Grossman agrees that models can be abused. An economist is obliged to spell out assumptions, he says, though “just because you write down your assumptions doesn’t mean they’re good assumptions.” Like Varoufakis, he describes interests in the real world that are neither neutral nor academic. “There’s no question that if you’re a trade economist and you write a model that says protection is great,” he says, “the interests will use your model. And they will hire you.”
What economists talk about, he says, matters to pocketbooks—more so than with physicists. But he doesn’t think this should change the way his department trains economists. He is in the business of teaching people who will graduate and go looking for jobs. “You have to teach graduate students the discipline,” he says, “otherwise you’re doing them a disservice.” Princeton has not altered its approach since the financial crisis, other than changes individual professors have made to their core macroeconomics courses.
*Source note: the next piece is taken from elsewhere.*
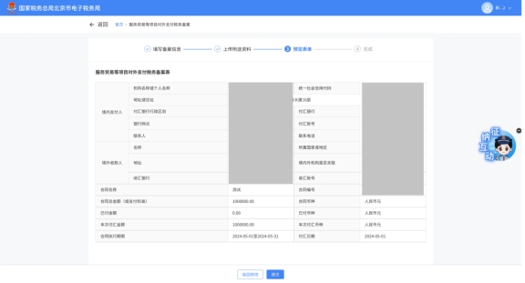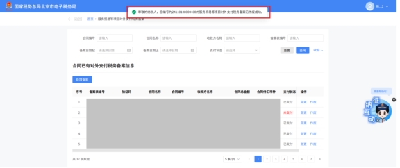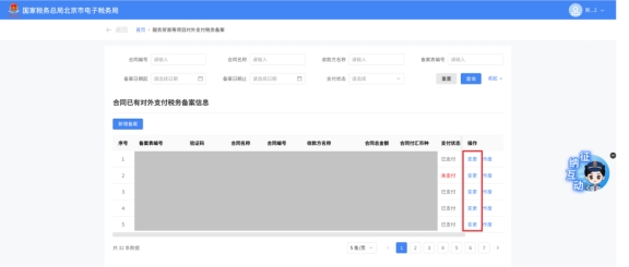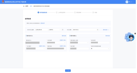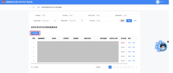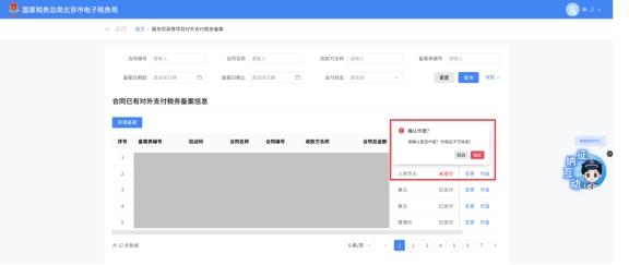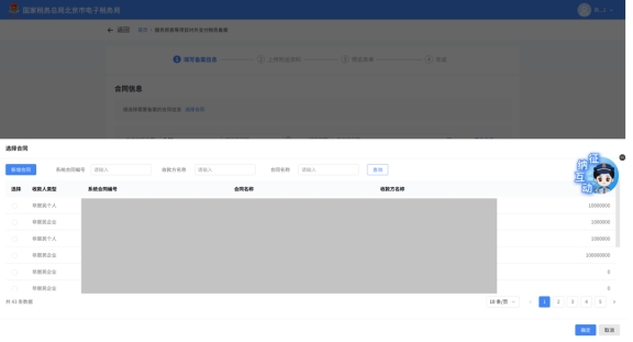 (2)選擇需要進行對外支付稅務備案的合同;無合同的情況下可以點擊“新增合同”按鈕,進行合同新增;

Harald Uhlig, chair of the economics department at the University of Chicago, another of the No. 1-rated economics graduate schools in the U.S., offers a kind of a model of his own. In an e-mail, he writes: “Above all, I do not believe in central planning. What is true in private markets is true in PhD education as well: It is good to see different places try different approaches, to let the PhD students decide where they want to be educated, and to let the marketplace for future scientists decide what works and what does not. I am sure that if the new PhD program in Athens is successful and produces the top young economics researchers of the next generation, many other PhD programs will take notice.”
It’s not clear whether Uhlig already knew that the department in Athens is on its last legs, so we’ll take his e-mail at face value. It, too, contains an assumption: that the market for grants and hires at economics departments is driven by quality and value to the public alone.